As demand for ubiquitous connectivity for IoT devices gets ever stronger, cellular networks can deliver reliable and secure IoT services using existing network infrastructure.
The primary technology for connecting people today is cellular. We carry our smartphones everywhere and get our voice and data over a reliable and secure network.
Massive investments have been made in spectrum allocations and network deployments to ensure good coverage for the entire population in most countries. The same networks can now be leveraged to connect things.
Traditional cellular options such as 2G, 3G or higher category 4G modems consume a lot of power and don’t fit well with applications where only a small amount of data is transmitted infrequently, such as meters, asset trackers, healthcare equipment, agriculture sensors, parking spaces and street lights.
Cellular IoT is designed to meet the requirements of such low-power, long-range applications. It takes existing technology that we already use every day for our smartphones and scales it back to meet the needs of low-power devices.

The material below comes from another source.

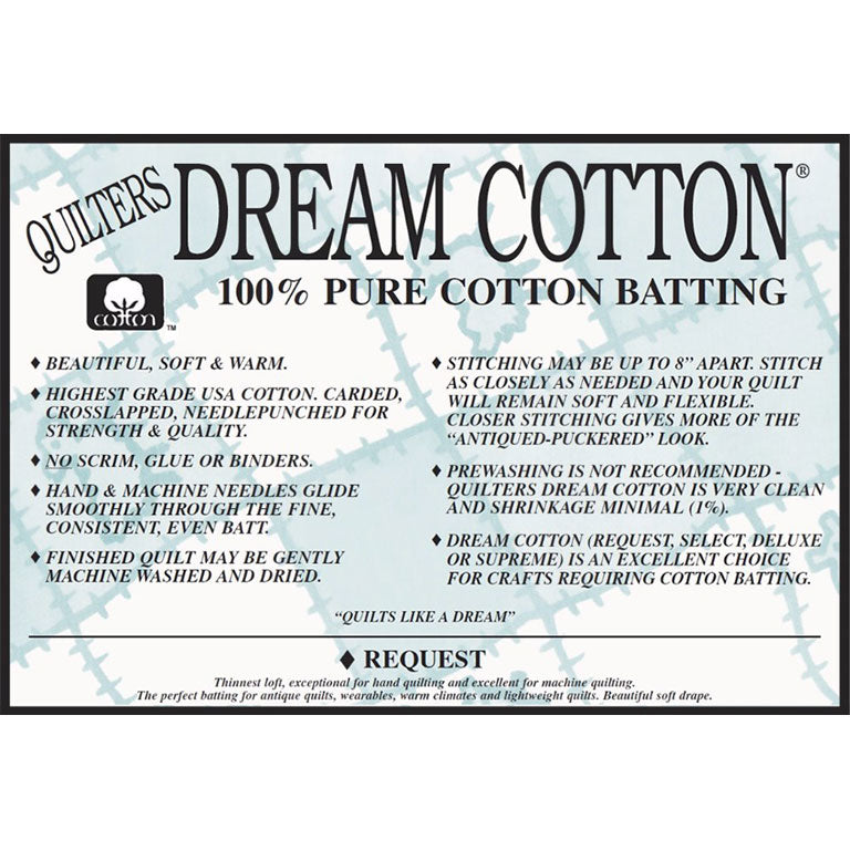 Quilters Dream Request Cotton Batting - Throw Size, White

When it comes to analysing cost, the total cost of ownership includes spectrum costs, infrastructure costs, and operational expenses. As cellular networks are already in place, very little new infrastructure needs to be installed.
The base stations, cell towers, buildings and power supply are already in place, all around the world. The technology also has the potential to cover hundreds of thousands of IoT devices per square kilometre - many more than other communication options.
No single technology or solution is ideally suited to all the different potential massive IoT applications, market situations and spectrum availability. As a result, the mobile industry is standardising several technologies, including Long Term Evolution for Machines (LTE-M) and Narrow Band IoT (NB-IoT). NB-IoT is ideally suited for low bandwidth, infrequent communication from a relatively stationary device, while LTE-M suits higher bandwidth or mobile and roaming applications.
A good application for NB-IoT is the use of remote environmental sensors to measure temperature, wind, pressure and so on. These devices can send regular updates from a fixed location while optimising battery use. Such a device could last for up to ten years, or longer if solar-powered and in the right geographical position.
Similarly, an asset tracker with condition monitoring through several sensors, which is mobile and roaming from country to country, is well served by an LTE-M solution that offers highway speed mobility, international roaming between countries and operators, and efficient firmware updates.
Advantages of cellular connectivity for IoT include:
As cellular networks already cover 90 percent of the world’s population and can now be offered in low complexity, low power variants, cellular technology is a great choice for the world’s IoT needs, both now and in the future.